Last modified November 11, 2016

UniProt’s Automatic Annotation pipeline enhances the unreviewed records in UniProtKB by enriching them with automatic classification and annotation. In this context, we use a suite of Sequence Analysis Methods (SAM) to enrich the unreviewed TrEMBL records in the UniProt Knowledgebase with extra sequence-specific information.


Predictions of sequence features such as Signal, Transmembrane and Coil regions are generated using the following software from external providers:

These methods are applied to UniProtKB sequences by InterPro to predict sequence features. More annotations (mainly keywords) are then added automatically to enrich the generated predictions. The new predictions are propagated to all the UniProtKB/TrEMBL records that do not already contain such feature predictions from the UniRule automatic annotation system.

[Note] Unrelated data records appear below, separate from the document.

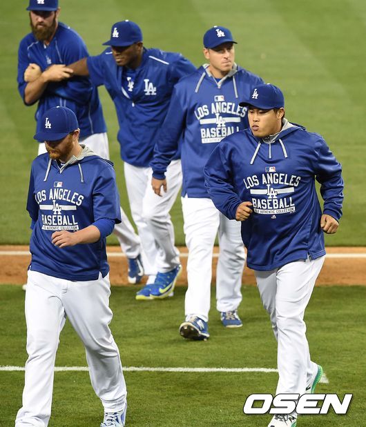 다저스 류현진을 비롯한 선수들이 하이파이브를 나눈 뒤 그라운드를 나서고 있다./dreamer@osen.co.kr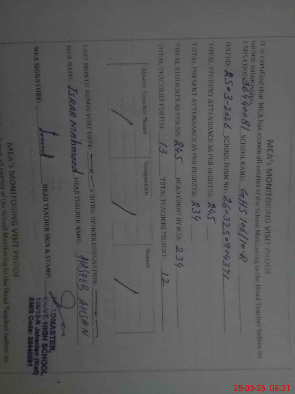 | EMIS Code: 36440081 | Name of School: GHS 106/10-R, JAHANIAN | |||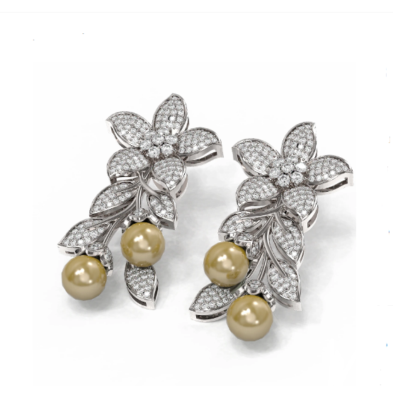 Luxury Designer Brand Earring 18K White gold, Earring Size is 3/4x1 3/4 inch Long, Earring measuring approx. 3/4x1 3/4 inch, weighing in total approx. 14 grams. stamped 18K, Main stone carat total weight containing 4 pieces of High Luster color with AA quality Round shape cut Pearl , Stone #2 3.05 carat total weight containing 320 pieces of I-J color with VS/SIquality Round shape cut Diamond

Overlaps and sanity checks

We use the overlap of different methods to confirm the presence of a predicted sequence feature:

  • Transmembrane region
    TMHMM and Phobius predictors are used to infer transmembrane regions. If there is an overlap of at least 10 amino acids between TMHMM and Phobius results, the transmembrane region is annotated using the sequence ranges predicted by Phobius. Otherwise, if there is no such overlap, no predictions are generated.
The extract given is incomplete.